WHO Group 3 Pulmonary Hypertension, IPF & COPD

Pulmonary hypertension can develop from disease process intrinsic to the pulmonary arteries (Group I disease or PAH), or from diseases of the left side of the heart (Group II Pulmonary Hypertension), or from lung tissue disease processes (Group III Pulmonary Hypertension). This page will focus on pulmonary hypertension caused by lung parenchyma (lung tissue) diseases.

Idiopathic Pulmonary Fibrosis and Pulmonary Hypertension

PH related to lung diseaseThe two most common lung diseases that lead to elevated pulmonary artery pressures are COPD (emphysema or chronic bronchitis) and Idiopathic Pulmonary Fibrosis (IPF). With progressive lung tissue disease, there is gradual loss of blood vessels, chronic low oxygen levels and a gradual increase in the pulmonary artery pressure. Over time, the higher pulmonary artery pressures result in the right side of the heart working harder and harder to pump blood through the pulmonary arteries. Eventually, the right side of the heart begins to dilate (enlarge) and patients begin to retain fluid (this is the beginning of right heart failure). At this time, patients notice leg swelling and perhaps abdominal swelling. Without treatment, this is a progressive decline. However, IPF treatments can improve symptoms and improve exercise capacity.
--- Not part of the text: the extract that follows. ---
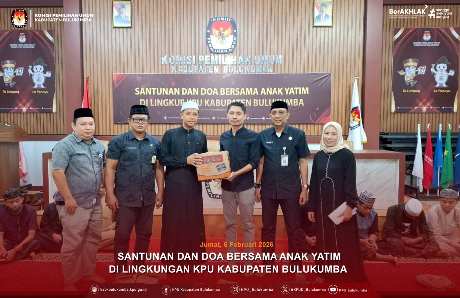 Komisi Pemilihan Umum (KPU) Kabupaten Bulukumba melaksanakan kegiatan pemberian santunan dan doa bersama anak yatim, sebagai bentuk kepedulian sosial sekaligus refleksi nilai kemanusiaan di lingkungan kerja. Kegiatan berlangsung di Aula KPU Kabupaten Bulukumba, Jumat (06/02/2026). Kegiatan ini merupakan instruksi KPU RI yang dilaksanakan serentak, sekaligus menjadi wujud nyata kepedulian KPU Kabupaten Bulukumba kepada sesama. Acara dikemas secara khidmat dengan doa bersama serta penyerahan santunan secara simbolis kepada perwakilan anak yatim. Hadir dalam kegiatan tersebut Anggota KPU Kabupaten Bulukumba Divisi Perencanaan, Data dan Informasi Rakhmat Fajar, Sekretaris KPU Kabupaten Bulukumba Andi Lukman Mujaya, jajaran sekretariat, serta seluruh keluarga besar KPU Kabupaten Bulukumba. Anggota KPU Kabupaten Bulukumba Rakhmat Fajar mengatakan kegiatan ini menjadi sarana membangun kehangatan dan keakraban di lingkungan kerja, sekaligus wujud kepedulian KPU terhadap masyarakat sekitar. Acara berlangsung dengan penuh kekhidmatan. Doa bersama dipanjatkan sebagai ikhtiar memohon keberkahan atas tugas-tugas kelembagaan, sekaligus mendoakan almarhum Bagaskara Langit Kresna Putra Sutrisno, putra dari Sekretaris Jenderal KPU RI. Kehadiran anak-anak yatim membawa suasana hangat dan menyentuh, menjadikan kegiatan ini sebagai pengingat bahwa kerja kelembagaan juga membutuhkan ruang untuk berbagi serta menanamkan nilai-nilai kebaikan. Melalui kegiatan ini, KPU Kabupaten Bulukumba berharap semangat berbagi dan kepedulian sosial terus tumbuh, tidak hanya dalam momentum tertentu, tetapi menjadi bagian dari budaya kerja sehari-hari. ....

COPD and Pulmonary Hypertension

COPD is one of the most common adult lung diseases. The vast majority of patients smoked cigarettes for more than 10 years. Occasionally, a patient may have COPD from chronic exposure to very poor air quality such as in a factory or related to a rare genetic disease called alpha-1 anti-trypsin deficiency. Symptoms begin slowly with cough, sputum, wheeze and progressive exercise intolerance. The disease is diagnosed by pulmonary function testing. High resolution CT scanning of the chest can diagnose emphysema as well. Treatments focus on inhaled medications that improve air flow through the airways. Smoking cessation is paramount.

Mild pulmonary hypertension is common in COPD but severe pulmonary hypertension is quite uncommon. The echocardiogram is particularly poor at estimating pulmonary artery pressures in patients with lung disease and right heart catheterization is required. Patients with mild elevations in pulmonary artery pressure do not require specific treatments targeting pulmonary hypertension. Diuretics are often used to treat fluid retention. Oxygen and inhaled medications are used to maximally treat low oxygen levels and airflow obstruction. Occasionally a patient will have very severe pulmonary hypertension associated with COPD. In these situations we will carefully embark on a treatment course with PAH medications. We avoid endothelin receptor antagonists as they have been found not to be beneficial. There is some limited data that PDE 5 inhibitors may be helpful. Some patients that are treated with pulmonary hypertension medications will paradoxically do worse due to worsening oxygen levels.